Entropy-driven phase transition in low-temperature antiferromagnetic Potts models

TL;DR

This paper proves the existence of long-range order at low temperatures in the three-state Potts antiferromagnet on certain plane quadrangulations, demonstrating spontaneous magnetization and providing rigorous bounds supported by computer calculations.

Contribution

It establishes the presence of multiple Gibbs measures and spontaneous magnetization in low-temperature antiferromagnetic Potts models on specific lattices, including a rigorous bound for the diced lattice.

Findings

Existence of at least three infinite-volume Gibbs measures.

Spontaneous magnetization in sublattices at low temperatures.

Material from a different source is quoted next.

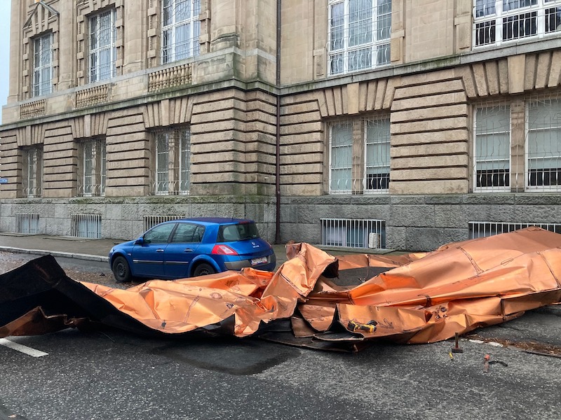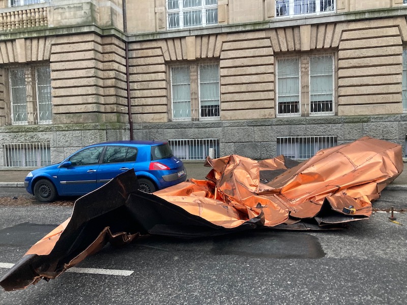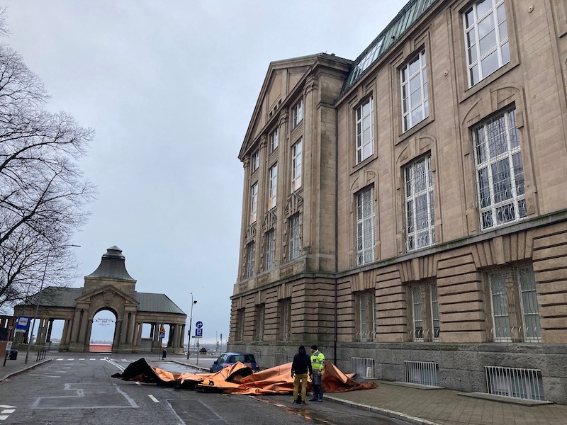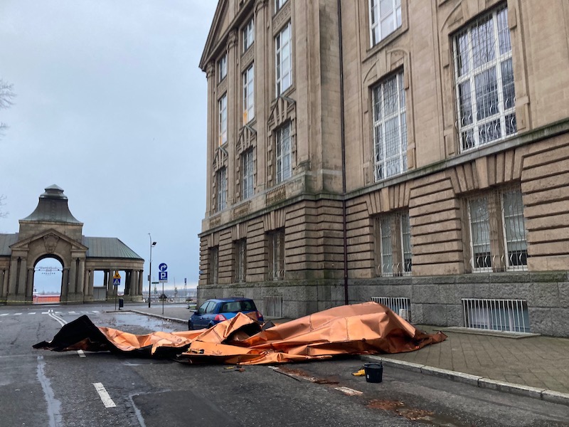 Sporo interwencji jest też w samym Szczecinie. Wśród nich zerwany fragment dachu z gmachu budynku Muzeum Narodowego przy Wałach Chrobrego. Spory fragment blachy spadł tuż obok zaparkowanego samochodu osobowego i blokuje jeden pas ul. Szczerbcowej.
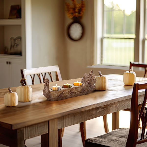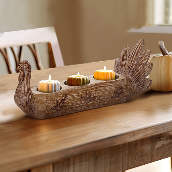 Crafted with care, it holds your favorite tea light candles while spreading a warm glow and holiday cheer. Whether for your Thanksgiving centerpiece or simply to brighten up your space, our Tabletop Turkey Candle Holder adds a playful and charming vibe to your casual celebrations.

Rigorous lower bounds on magnetization probabilities for the diced lattice.

Abstract

We prove the existence of long-range order at sufficiently low temperatures, including zero temperature, for the three-state Potts antiferromagnet on a class of quasi-transitive plane quadrangulations, including the diced lattice. More precisely, we show the existence of (at least) three infinite-volume Gibbs measures, which exhibit spontaneous magnetization in the sense that vertices in one sublattice have a higher probability to be in one state than in either of the other two states. For the special case of the diced lattice, we give a good rigorous lower bound on this probability, based on computer-assisted calculations that are not available for the other lattices.